Emerged from pro-democracy forces in 1990s. Current President Elbegdorj was a DP leader (the constitution requires candidates for president to resign their party membership). 27 MPs in current parliament.

Nominated Canadidates

Civil Will Green Party (Иргэний Зориг-Ногоон Нам) website

Merger of Civil Will Party under leadership of MP S Oyun and Green Party under leadership of MP D Enkhbat.

Mongolian People’s Revolutionary Party (MPRP – Монгол Ардын Хувьсгалт Нам MAXH) website

Embraced original name of MPP under leadership of former president, prime minister and speaker of parliament N Enkhbayar.


A total of 1 839 984 Mongolians were eligible to vote. Of these over 80 000 reside abroad, though only a small fraction of these voters actually voted.


A total of 544 candidates are running, 190 as nominees on party lists and 354 in majoritarian ridings.

174 of the candidates are women, easily exceeding the mandated 20% of female candidates.

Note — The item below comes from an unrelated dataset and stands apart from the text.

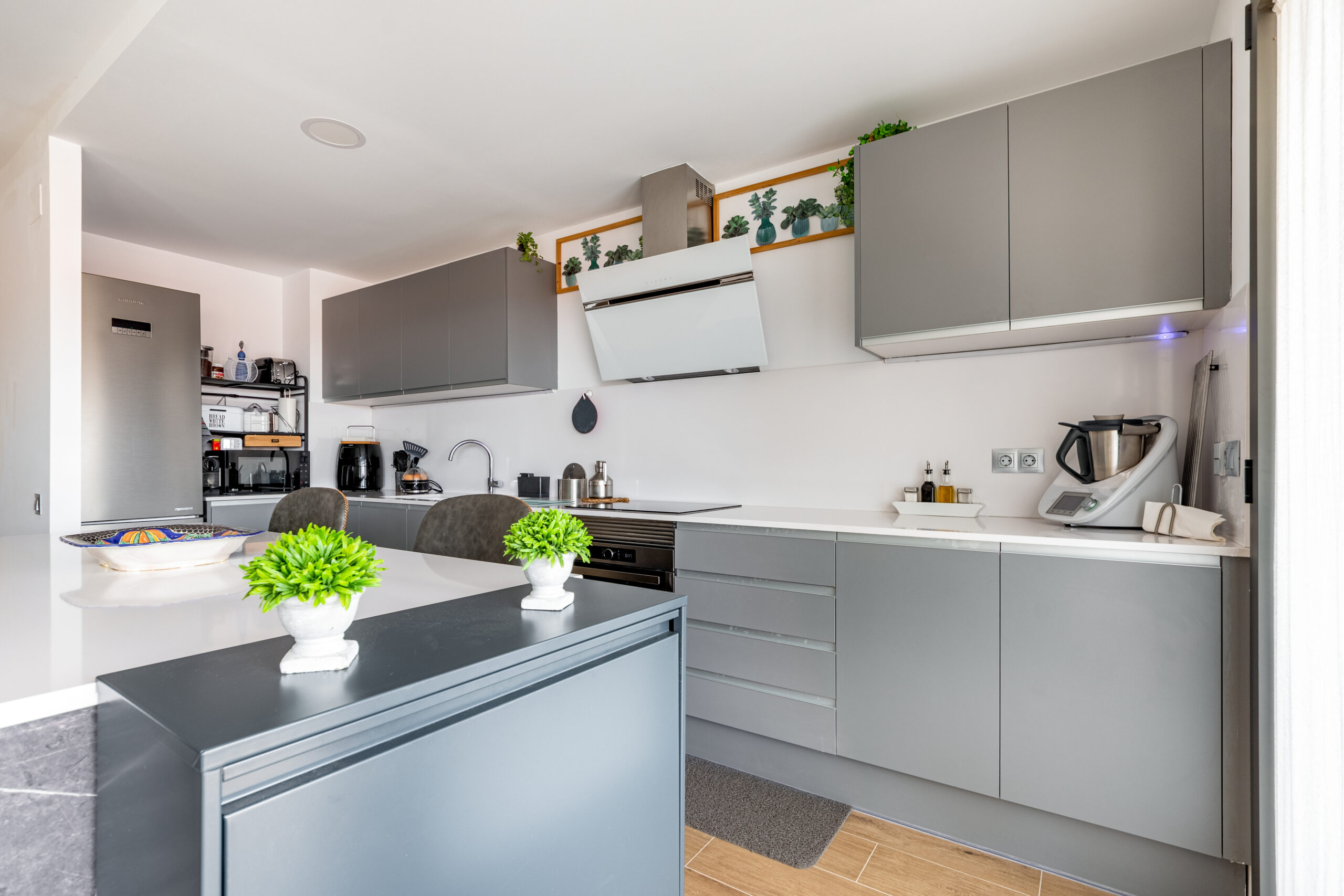 Te acompañamos en cada etapa de su proyecto, desde la selección de los azulejos para el suelo y las paredes, hasta la elección de colores, acabados, mobiliario de cocina, encimeras y electrodomésticos. Diseñamos cocinas cómodas, elegantes y funcionales, creando un espacio que transmita equilibrio y armonía. Nos adaptamos a sus necesidades, su estilo y el espacio disponible para ofrecerle una cocina personalizada y única.

5 Responses to Ikh Khural 2012

  1. Nicole says:

    There is also the Green Party, i.e. the part of it which did not merge with the civil will party. It’s headed by Mr Olzod Boum-Yalagch.
    Are they not running for elections or are they too small or why did you leave them out?

    • To be honest, the rump Green Party that remained after the CWGP merger hasn’t been on my radar at all. Do you think it should be? Do you have any indications of their viability in the upcoming elections?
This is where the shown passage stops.